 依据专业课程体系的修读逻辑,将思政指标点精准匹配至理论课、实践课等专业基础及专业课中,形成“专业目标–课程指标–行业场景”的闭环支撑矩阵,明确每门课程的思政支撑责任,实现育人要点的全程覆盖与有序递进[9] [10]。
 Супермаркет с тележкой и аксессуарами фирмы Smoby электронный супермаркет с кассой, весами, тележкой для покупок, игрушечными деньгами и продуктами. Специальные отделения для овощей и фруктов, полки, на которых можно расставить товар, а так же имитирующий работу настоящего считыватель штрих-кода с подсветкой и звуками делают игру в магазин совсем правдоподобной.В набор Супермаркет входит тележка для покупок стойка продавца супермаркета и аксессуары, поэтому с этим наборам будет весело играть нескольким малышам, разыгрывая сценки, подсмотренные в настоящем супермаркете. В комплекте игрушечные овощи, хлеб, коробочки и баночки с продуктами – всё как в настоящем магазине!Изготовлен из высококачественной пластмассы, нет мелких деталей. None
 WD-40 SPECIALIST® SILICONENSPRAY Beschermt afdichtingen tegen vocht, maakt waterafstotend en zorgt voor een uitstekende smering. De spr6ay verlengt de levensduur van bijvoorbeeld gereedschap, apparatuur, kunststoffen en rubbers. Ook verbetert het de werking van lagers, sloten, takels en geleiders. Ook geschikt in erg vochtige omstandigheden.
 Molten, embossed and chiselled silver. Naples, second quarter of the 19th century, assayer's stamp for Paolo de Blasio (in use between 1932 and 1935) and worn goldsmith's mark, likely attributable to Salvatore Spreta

ABOUT THIS TASK →
Would you write out all of the data again, unchanged?

ANSWER TO THIS PROBLEM →
 依据专业课程体系的修读逻辑,将思政指标点精准匹配至理论课、实践课等专业基础及专业课中,形成“专业目标–课程指标–行业场景”的闭环支撑矩阵,明确每门课程的思政支撑责任,实现育人要点的全程覆盖与有序递进[9] [10]。
 Супермаркет с тележкой и аксессуарами фирмы Smoby электронный супермаркет с кассой, весами, тележкой для покупок, игрушечными деньгами и продуктами. Специальные отделения для овощей и фруктов, полки, на которых можно расставить товар, а так же имитирующий работу настоящего считыватель штрих-кода с подсветкой и звуками делают игру в магазин совсем правдоподобной.В набор Супермаркет входит тележка для покупок стойка продавца супермаркета и аксессуары, поэтому с этим наборам будет весело играть нескольким малышам, разыгрывая сценки, подсмотренные в настоящем супермаркете. В комплекте игрушечные овощи, хлеб, коробочки и баночки с продуктами – всё как в настоящем магазине!Изготовлен из высококачественной пластмассы, нет мелких деталей. None
 WD-40 SPECIALIST® SILICONENSPRAY Beschermt afdichtingen tegen vocht, maakt waterafstotend en zorgt voor een uitstekende smering. De spr6ay verlengt de levensduur van bijvoorbeeld gereedschap, apparatuur, kunststoffen en rubbers. Ook verbetert het de werking van lagers, sloten, takels en geleiders. Ook geschikt in erg vochtige omstandigheden.
 Molten, embossed and chiselled silver. Naples, second quarter of the 19th century, assayer's stamp for Paolo de Blasio (in use between 1932 and 1935) and worn goldsmith's mark, likely attributable to Salvatore Spreta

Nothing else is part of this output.